» **Activity**: Once you find the line containing "从下图也不难看出,能源板块在", set down exactly that line and every one after it through the end of the listing below, with both ends included and any pictures omitted.

» **Source material**:
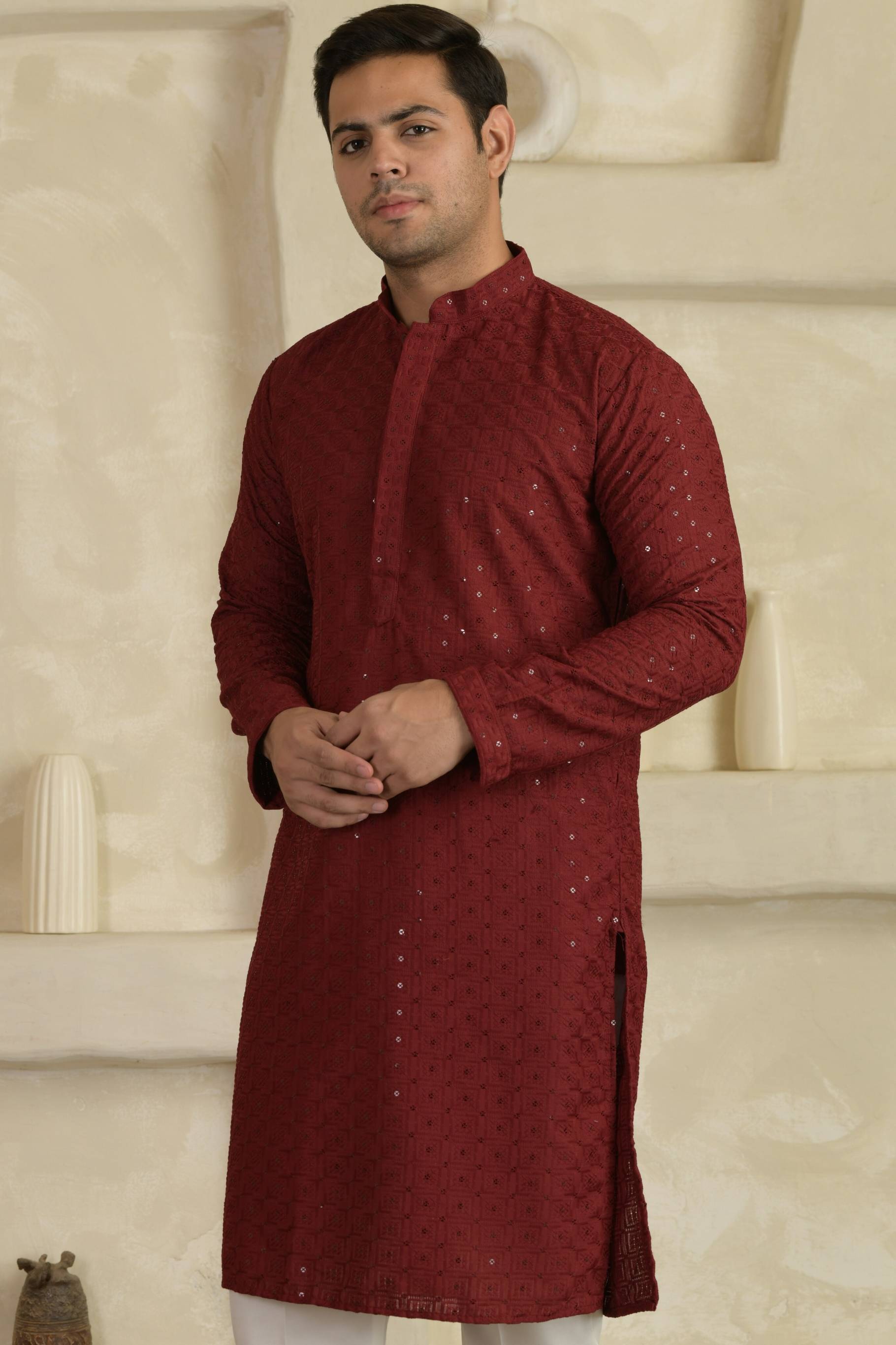 sequenced embroidery kurta pajama set for men, ideal for weddings, Diwali, Navratri, Eid, Holi, Raksha Bandhan, and festive occasions.
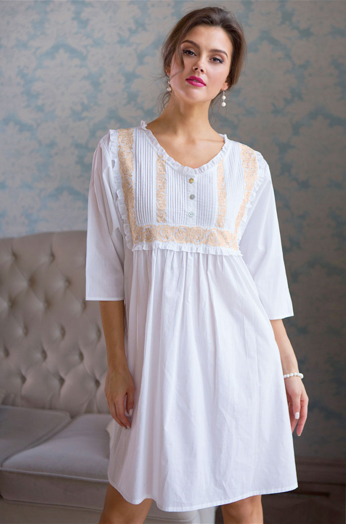 • Хлопковая рубашка Миа-Миа средней длины с широким рукавом 3/4 и декором в виде вышивки по лифу. Горловина декорирована узкой рюшей. На полочке расположена застежка-планка на перламутровых пуговицах. По лифу расположены вертикальные отсроченные защипы и ленты с вышивкой. По боковым швам и талии лиф оформлен узкой рюшей. Юбка рубашки на защипах по уровню талии. Удобная и практичная сорочка для беременных и кормящих женщин.
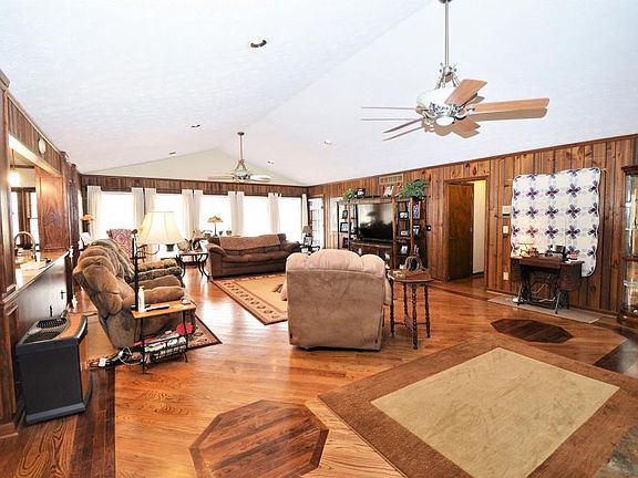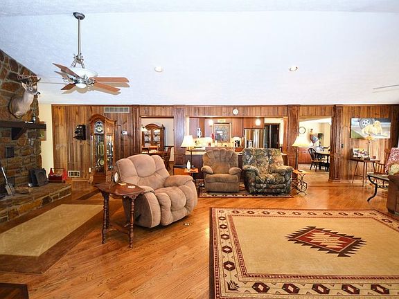 15 Breathtaking acres, mostly fenced with a gated entrance and the PERFECT property for horses! Lovely sprawling brick, ranch home has been remodeled with new kitchen, bathrooms, and extensive hardwood floors. The kitchen has granite, SS appliances, and new cabinets. Walk out of the french doors off the master bedroom to the saltwater pool, fire pit and covered pool gazebo. This home also boasts an enormous screened porch, sunroom, covered RV parking pad, barn and workshop, plus an additional out building with electricity! Full finished basement with separate entrance.
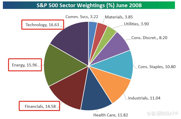 从下图也不难看出,能源板块在标普500指数中的权重已降至近30年以来最低位。相比来看,能源板块最辉煌的时刻则是在2008年6月,当时该板块是标普500指数中的第二大板块,与科技板块相差不到70个基点。到2008年年中,能源、科技、金融板块是对业绩影响最大的“三巨头”。
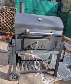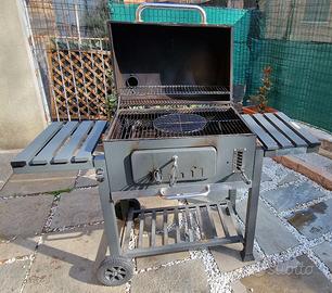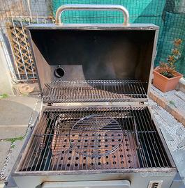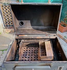 Vendo per passaggio a dispositivo a Pellet. Superficie griglia circa 71,5 x 46 cm, superficie di riscaldamento/cottura circa 67 x 24 cm regolabile in 6 differenti altezze, griglia di cottura divisa in 3 parti di cui 2 griglie laterali ciascuna di circa 35 x 46 cm e una centrale tonda, 2 ripiani laterali richiudibili, altezza di lavoro circa 90 cm, guaina isolante applicata su base d’appoggio e coperchio. Da utilizzare esclusivamente con carbonella o bricchetti di carbone. Corredato di Slower e copertura che permette di lasciare i 2 ripiani aperti.
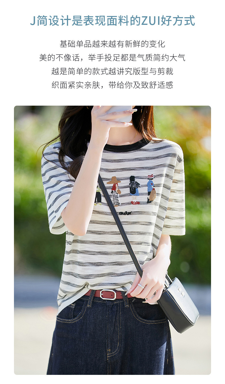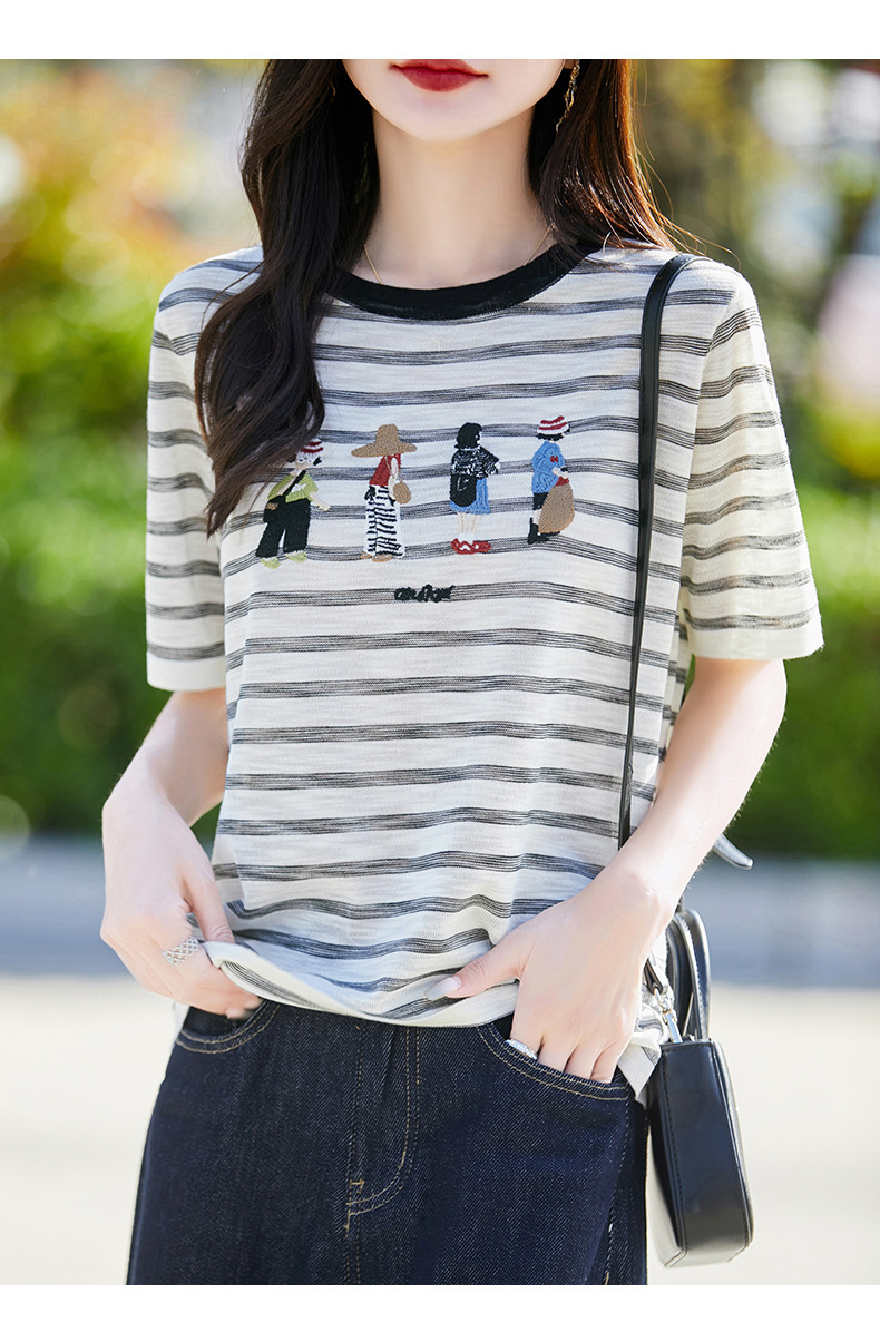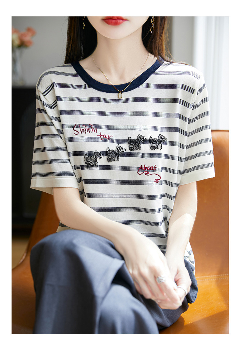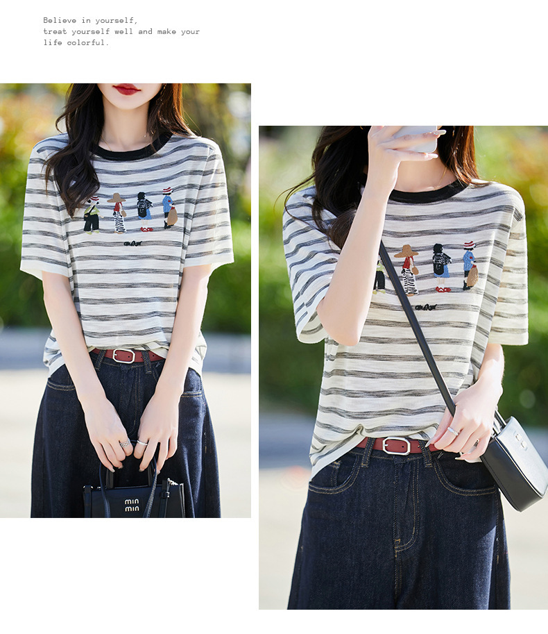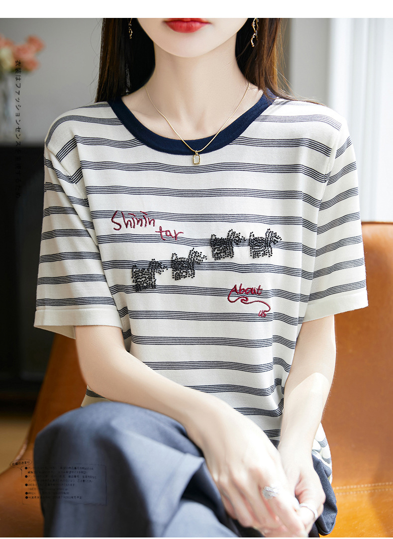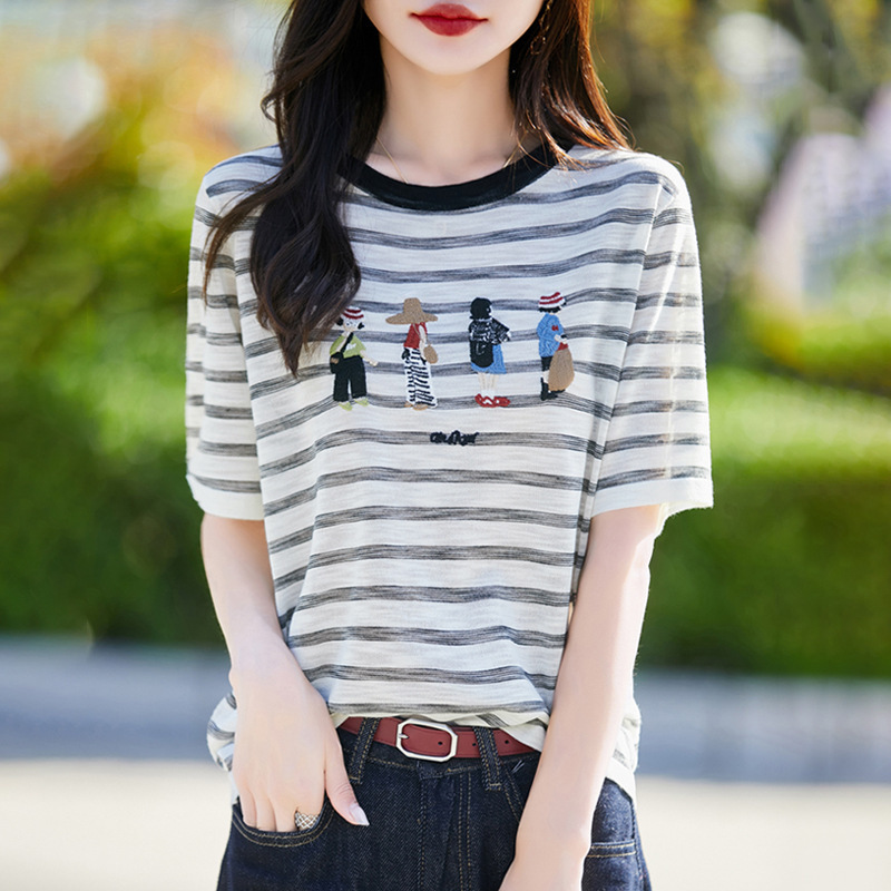 제조 업체 도매 2025 여름 새로운 Tencel 라운드 넥 스트라이프 스웨터 탑 캐주얼 반팔 티셔츠 여성스토어 가기

» **Task answer**:
 从下图也不难看出,能源板块在标普500指数中的权重已降至近30年以来最低位。相比来看,能源板块最辉煌的时刻则是在2008年6月,当时该板块是标普500指数中的第二大板块,与科技板块相差不到70个基点。到2008年年中,能源、科技、金融板块是对业绩影响最大的“三巨头”。
 Vendo per passaggio a dispositivo a Pellet. Superficie griglia circa 71,5 x 46 cm, superficie di riscaldamento/cottura circa 67 x 24 cm regolabile in 6 differenti altezze, griglia di cottura divisa in 3 parti di cui 2 griglie laterali ciascuna di circa 35 x 46 cm e una centrale tonda, 2 ripiani laterali richiudibili, altezza di lavoro circa 90 cm, guaina isolante applicata su base d’appoggio e coperchio. Da utilizzare esclusivamente con carbonella o bricchetti di carbone. Corredato di Slower e copertura che permette di lasciare i 2 ripiani aperti.
 제조 업체 도매 2025 여름 새로운 Tencel 라운드 넥 스트라이프 스웨터 탑 캐주얼 반팔 티셔츠 여성스토어 가기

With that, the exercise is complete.